_Action item_
Each line of the data below between the one containing "Mạnh Hùng |" and the one containing "Hydration and radiance: Velform", both included, is to be repeated exactly. Please omit pictures.

_Supplied entries_

== Segment start ==

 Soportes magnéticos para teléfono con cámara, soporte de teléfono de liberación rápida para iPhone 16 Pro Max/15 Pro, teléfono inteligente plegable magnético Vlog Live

== Segment end ==
== Segment start ==

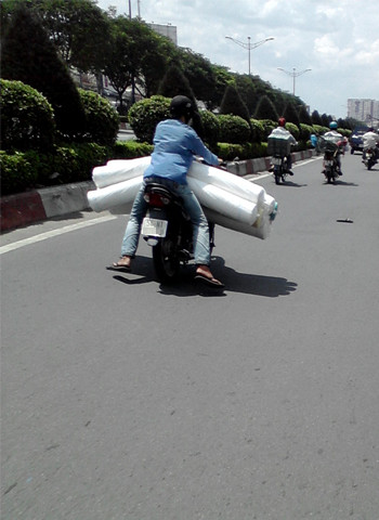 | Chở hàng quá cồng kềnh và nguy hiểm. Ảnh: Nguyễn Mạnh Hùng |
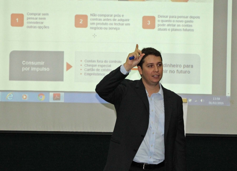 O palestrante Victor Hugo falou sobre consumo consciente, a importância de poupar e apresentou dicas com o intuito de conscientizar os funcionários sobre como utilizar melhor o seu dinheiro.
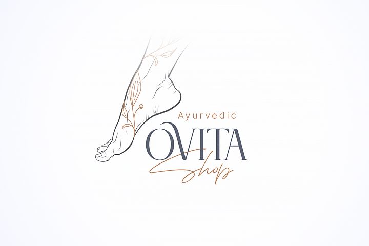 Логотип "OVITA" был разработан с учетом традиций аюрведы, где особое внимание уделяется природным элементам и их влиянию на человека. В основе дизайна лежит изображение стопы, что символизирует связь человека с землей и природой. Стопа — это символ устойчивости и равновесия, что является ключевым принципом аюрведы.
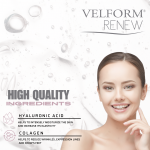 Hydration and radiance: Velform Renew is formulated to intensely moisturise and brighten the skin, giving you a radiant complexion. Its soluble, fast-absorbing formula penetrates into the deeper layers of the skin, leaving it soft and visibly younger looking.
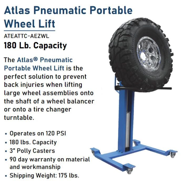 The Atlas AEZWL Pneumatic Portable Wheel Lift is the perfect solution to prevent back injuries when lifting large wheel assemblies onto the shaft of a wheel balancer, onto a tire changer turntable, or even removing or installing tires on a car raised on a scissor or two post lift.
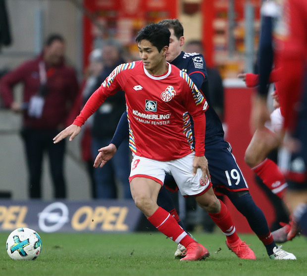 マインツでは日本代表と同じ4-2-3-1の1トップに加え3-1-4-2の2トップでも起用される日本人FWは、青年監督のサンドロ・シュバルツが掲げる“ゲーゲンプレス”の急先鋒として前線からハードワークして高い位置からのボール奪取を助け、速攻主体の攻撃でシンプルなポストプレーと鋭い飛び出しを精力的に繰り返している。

== Segment end ==
== Segment start ==

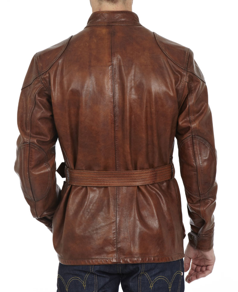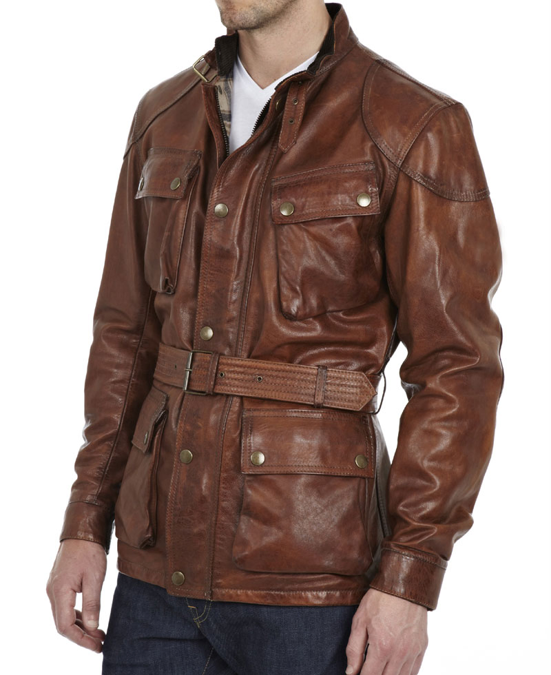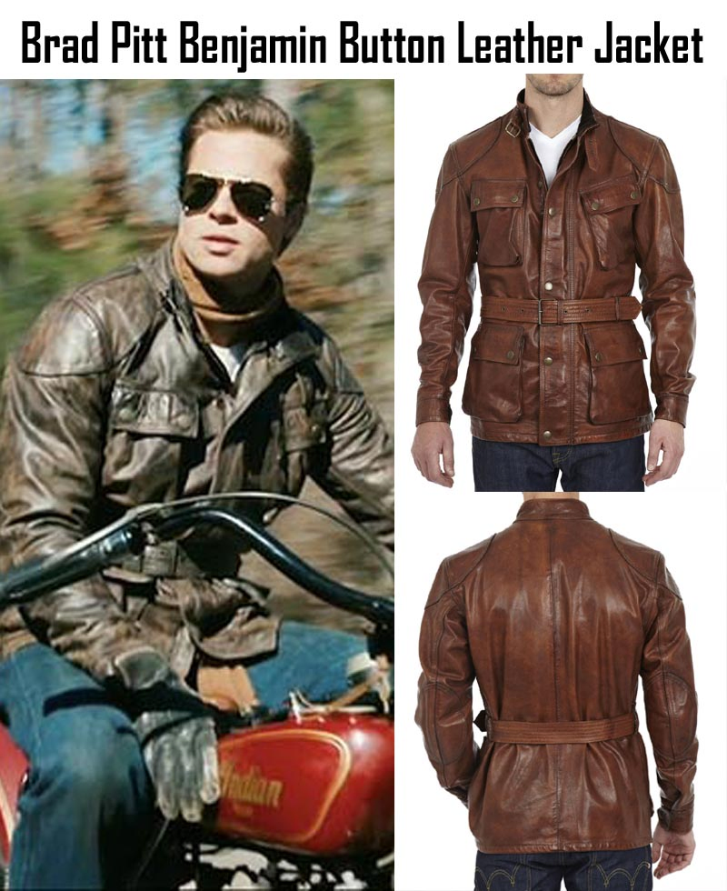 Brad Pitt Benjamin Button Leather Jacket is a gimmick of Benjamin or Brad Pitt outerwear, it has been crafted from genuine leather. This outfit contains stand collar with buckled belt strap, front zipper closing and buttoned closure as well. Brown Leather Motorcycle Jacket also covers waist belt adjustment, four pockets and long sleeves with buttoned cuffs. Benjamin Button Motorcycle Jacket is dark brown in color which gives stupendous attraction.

== Segment end ==

_Output for this exercise_
 | Chở hàng quá cồng kềnh và nguy hiểm. Ảnh: Nguyễn Mạnh Hùng |
 O palestrante Victor Hugo falou sobre consumo consciente, a importância de poupar e apresentou dicas com o intuito de conscientizar os funcionários sobre como utilizar melhor o seu dinheiro.
 Логотип "OVITA" был разработан с учетом традиций аюрведы, где особое внимание уделяется природным элементам и их влиянию на человека. В основе дизайна лежит изображение стопы, что символизирует связь человека с землей и природой. Стопа — это символ устойчивости и равновесия, что является ключевым принципом аюрведы.
 Hydration and radiance: Velform Renew is formulated to intensely moisturise and brighten the skin, giving you a radiant complexion. Its soluble, fast-absorbing formula penetrates into the deeper layers of the skin, leaving it soft and visibly younger looking.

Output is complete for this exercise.